# Dimples in New Hardwood Installation



## tommy99 (Dec 23, 2011)

I hired an experienced hardwood installer to put in 525 s.f. of 1/2 in. x 3 in. pre-finished Brazilian cherry light (moabi) in 2 upstairs bedrooms. 

When the installer came to measure, he took a piece of the wood with him saying he needed to test his staplers/nailers/fasteners on the wood before starting the work. 

When he came to do the installation, he said he had not had a chance to do any testing but he would figure it out. 

Well, the floor is now installed and the entire surface is covered with dimples. Everywhere a fastener was put in there is a bump. The bumps are not raised enough to be felt, but are VERY visible in bright light. Both rooms have large windows and get a lot of sun. 

When I informed the installer about the dimples (I wasn't there when he finished) he got angry at me and said he wasn't coming back. 

I believe a new installation COMPLETELY covered with dimpling is defective and unacceptable workmanship.

Do any pros have any advice on how this floor should be repaired?
Also, how I should deal with the installer?

Appreciated.


----------



## oh'mike (Sep 18, 2009)

Do you have a picture or two?

What caused the 'dimples' and where are they exactly on the board?


----------



## tommy99 (Dec 23, 2011)

I will post pictures as soon as I can.

The bumps are on the surface of each board, at the side edge and spaced out wherever a fastener went in.

The quick research I did to identify the problem lists the main causes of dimpling as a poorly seated nailing machine, using incorrect nailers, or using incorrect fasteners (thickness/gauge).


----------



## oh'mike (Sep 18, 2009)

That is true---it is also caused by a poor quality product with a soft substrate--

Did the flooring installers recommend and supply the material?
Was it a high quality product or an inexpensive one?


----------



## tommy99 (Dec 23, 2011)

The flooring is Bellawood which I purchased from Lumber Liquidators after the installer said his suppliers did not have a cherry lite (moabi). 

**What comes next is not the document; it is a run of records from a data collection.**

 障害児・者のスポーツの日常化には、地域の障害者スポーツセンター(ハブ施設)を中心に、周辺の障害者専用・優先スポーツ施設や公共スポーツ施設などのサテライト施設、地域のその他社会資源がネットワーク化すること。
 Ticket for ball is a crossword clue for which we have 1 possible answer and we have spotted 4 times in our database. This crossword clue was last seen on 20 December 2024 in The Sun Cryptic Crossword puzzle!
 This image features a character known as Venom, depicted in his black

All reviews and recommendations for the product I could find were very positive.

I've also read that exotics and bamboo are especially subject to dimpling if the installer doesn't use the proper equipment and fasteners.


----------



## tommy99 (Dec 23, 2011)

Forgot to say, the price of the product is $5.00 s.f. 

This is for 1/2 in. thickness. The 3/4 In. they sell is $6.50 s.f.

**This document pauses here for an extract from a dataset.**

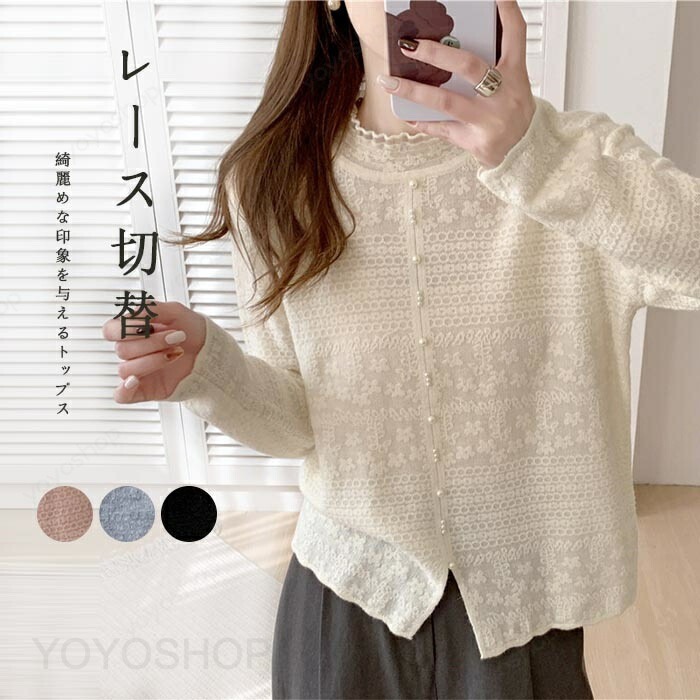 カットソー レース レディース 長袖インナー プルオーバー レース切替 パール ジャカ一ド 刺繍 フリルネック 春秋 Tシャツ 花柄 トップス 二ットソー 長袖Tシャツ tシャツ 無地 ス カジュアル

I don't consider this inexpensive.


----------



## Daniel Holzman (Mar 10, 2009)

This could be difficult to address. The installer owes you what your contract with them requires them to do. You did not state if you have a written contract with the installer, nor what the contract (if you have one) says. So you may or may not have a case.

For example, if the contract states that the contractor will follow manufacturers instructions for installation, and they did follow manufacturers instructions, you likely have no case. If the contract states that the installer will follow best practices, and you can show that best practices do not normally include dimpling, then you may have a case. It all comes down to what your contract says.


----------



## tommy99 (Dec 23, 2011)

We had no written contract. 

He sent me a bid by email and I emailed him back acceptance. No formal contract with all the fine print.


----------



## woodman58 (Aug 22, 2010)

Sounds like he may have used a finish nailer and not a floor nailer. These nailers are not proper flooring tools except for the starter boards and nailing the last row. This would leave a demple if he pushed hard to get the nail to the edge of the tounge. In some areas an e-mail is a binding contract. You would have to check.


----------



## AtlanticWBConst. (May 12, 2006)

tommy99 said:


> We had no written contract.
> 
> He sent me a bid by email and I emailed him back acceptance. No formal contract with all the fine print.


This point right there, will make it difficult for you to acquire any satisfaction from the installer.

You could attempt to contact a Bellawood representative, to schedule a time for them to inspect the floor and offer their opinion. This is what I would recommend. The Supplier should be able to provide the contact information needed.

Now, they may come out and look at the floor and tell you that it was not installed properly, or the wrong fastener (and fastening tool) was used on it.

Then you would likely attempt to contact the installer, who will likely ignore your efforts (he has already stated that he is "_not coming back_").

I am sorry to say, that without anything in writing, you are essentially out of luck, and IMHO - may have no legal leg to stand on.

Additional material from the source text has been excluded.